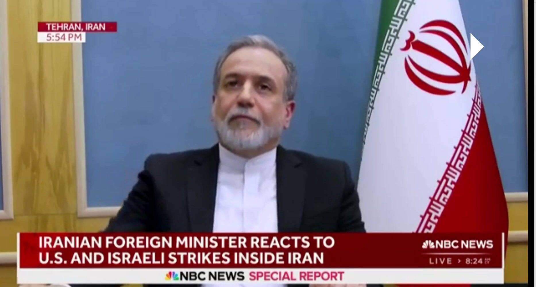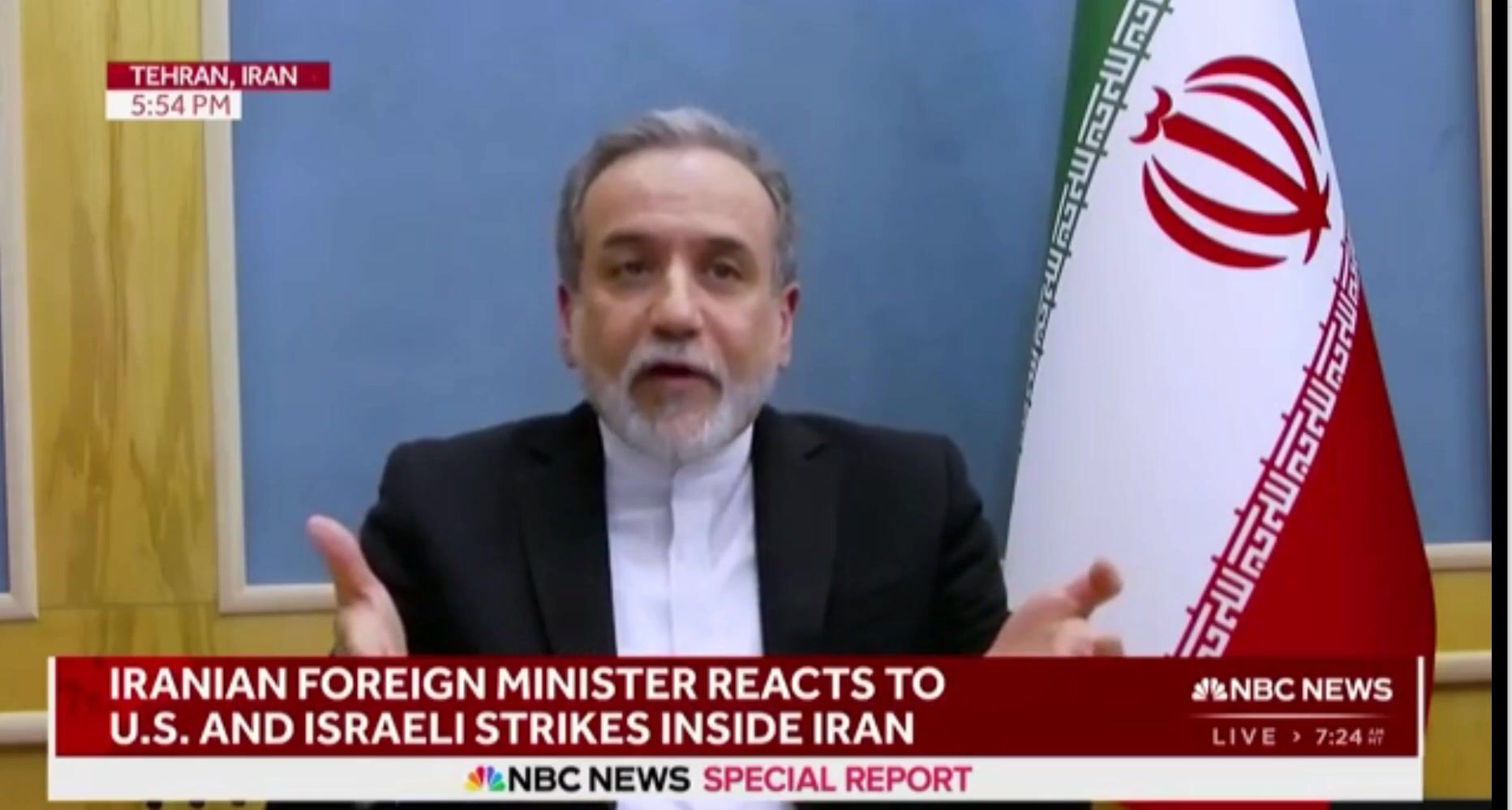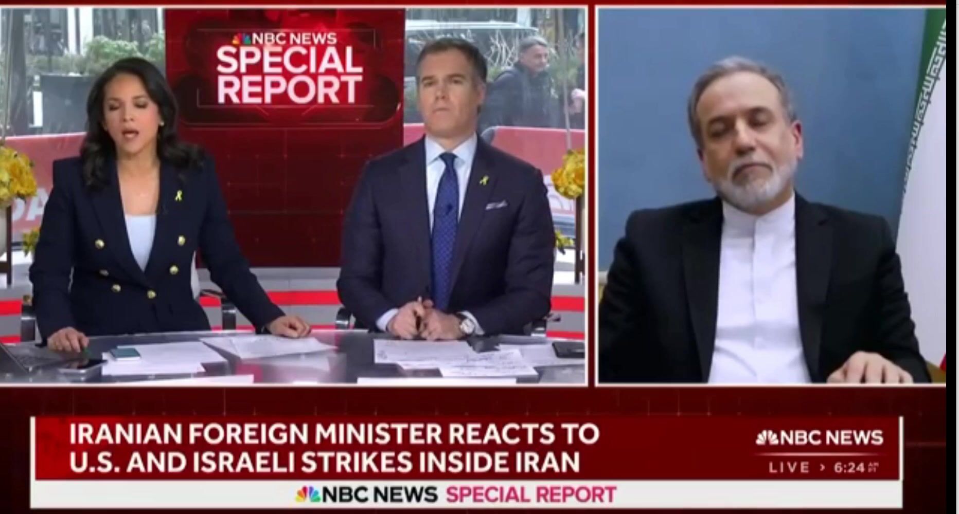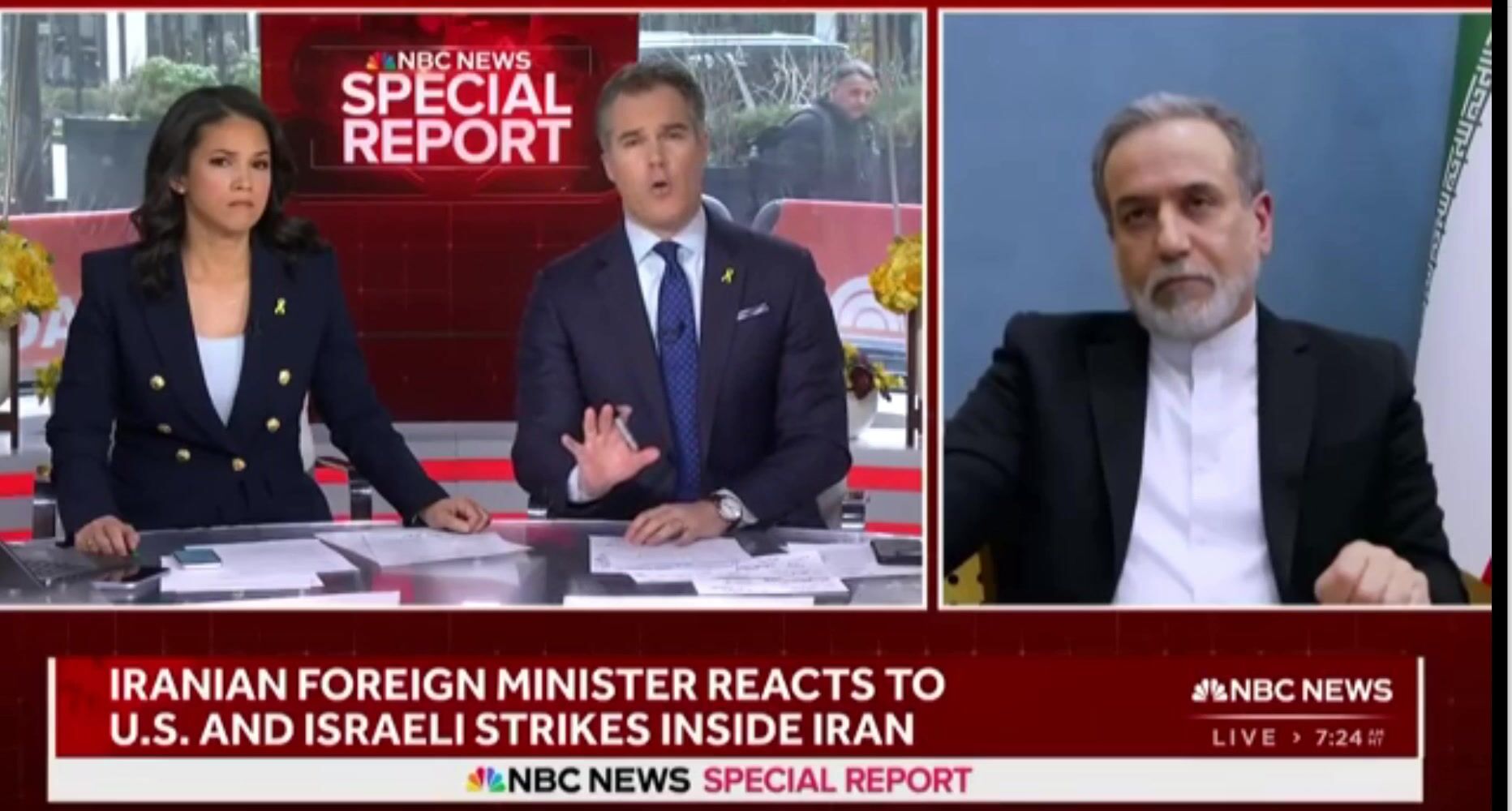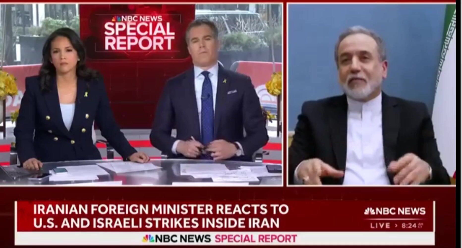 Interview with Iranian Foreign Minister Abbas Aragchi. First editor asked him if Iran was building missiles that could hit the US. He replied that he didn't. But the second editor then asked him, as if she had fallen from Mars, why is Iran attacking American military bases in the region?
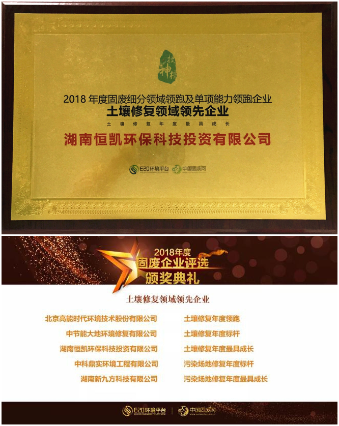 近日,由E20环境平台和中国城市建设研究院有限公司共同主办的“2018(第十二届)固废战略论坛”在北京举行,论坛揭晓了“2018年度(第十届)固废企业评选”结果,恒凯环保继2017年后,再次获得“土壤修复领域领先企业”荣誉称号,公司总裁蒋卫山和总工程师罗文连受邀参加了此次颁奖典礼。
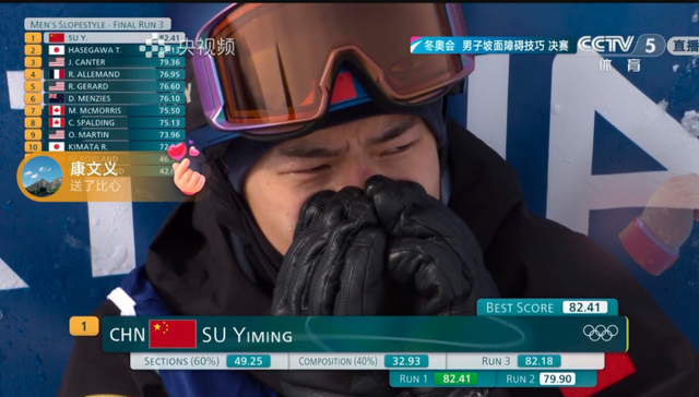 决赛场上,苏翊鸣第五个出场。第一滑,他就像是雪上飞人一样,动作干净利落,转体、抓板、落地,一气呵成。82.41分!就这一轮,他直接锁定了胜局 。虽然后面两轮有的选手失误,有的选手拼命追,但谁也没能撼动他的位置。
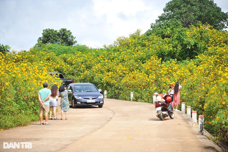 La voie menant vers le volcan Chu Dang Ya est bordée de rangées de tournesols mexicains, couleur miel. Photo : dantri.com.vn |

◆ **What you need to do**: Beginning with the line where "决赛场上,苏翊鸣第五个出场。" appears, restate word for word every line down to the last one in the data, but keep the pictures out.

◆ **Expected output**:
 决赛场上,苏翊鸣第五个出场。第一滑,他就像是雪上飞人一样,动作干净利落,转体、抓板、落地,一气呵成。82.41分!就这一轮,他直接锁定了胜局 。虽然后面两轮有的选手失误,有的选手拼命追,但谁也没能撼动他的位置。
 La voie menant vers le volcan Chu Dang Ya est bordée de rangées de tournesols mexicains, couleur miel. Photo : dantri.com.vn |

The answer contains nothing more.